Thursday, 13 May 2010

10ª edição da Rio Wireless

Na Copa de 2014, para evitar problemas como os que ocorrem com frequência durante o réveillon em Copacabana, quando boa parte dos celulares para de funcionar, será necessário instalar antenas de transmissão de voz e dados no alto dos estádios. E ainda: vans e caminhões das operadoras, devidamente equipados, deverão ficar no entorno dos centros esportivos.
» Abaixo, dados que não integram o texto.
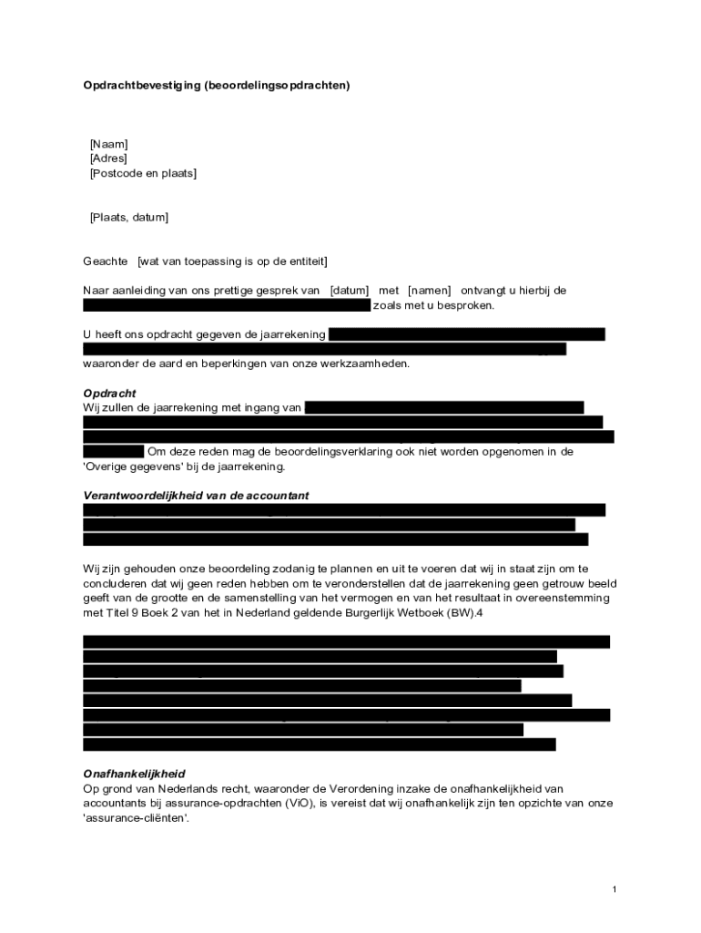 Opdrachtbevestiging (beoordelingsopdrachten)[Naam] [Adres] [Postcode en plaats][Plaats, datum]Geachte [wat van toepassing is op de entiteit] Naar aanleiding van ons prettige gesprek van [datum] met

A  informação é do vice-presidente Associação GSM, que reúne as dez maiores operadoras de celular do mundo, Ricardo Tavares. Elas participam da 10ª edição da Rio Wireless, na Barra da Tijuca, Zona Oeste da cidade.

riowireless 042

Segundo Tavares, os maiores picos de utilização de aparelhos celular acontece 30 minutos antes dos jogos, um minuto após o término do primeiro tempo, cinco minutos depois do apito final e a cada gol.

“Nosso estudo mostra que, em 2014, as pessoas vão usar mais os celulares para entrar em redes sociais do que para falar, por isso será necessária a implantação de uma nova faixa de transmissão de dado que possibilite maior agilidade, como no caso do 4G”, explicou o vice-presidente.

No entanto, o acesso a essa tecnologia ainda é restrito e o preço dos aparelhos elevado. Atualmente, no Brasil, 13 milhões de pessoas utilizam aparelhos com a tecnologia 3G - acesso à internet - , mas a maioria ainda usa 2G, com transmissão apenas de voz.

Transmissão até 50 vezes mais rápida
Tavares acrescenta que com a nova tecnologia 4G, que recebe o nome de LTE, será possível transmitir dados de 25 a 50 vezes mais rápido, evitando o tráfego das linhas de celulares. Em 2014, 210 milhões de brasileiros vão ter acesso à celular. Atualmente são 177 milhões no país. “Esta faixa adicional, que vai permitir maior velocidade de dados, não é importante apenas para os grande eventos esportivos, mas também vai ter efeito permanente na tecnologia do Brasil”, afirmou.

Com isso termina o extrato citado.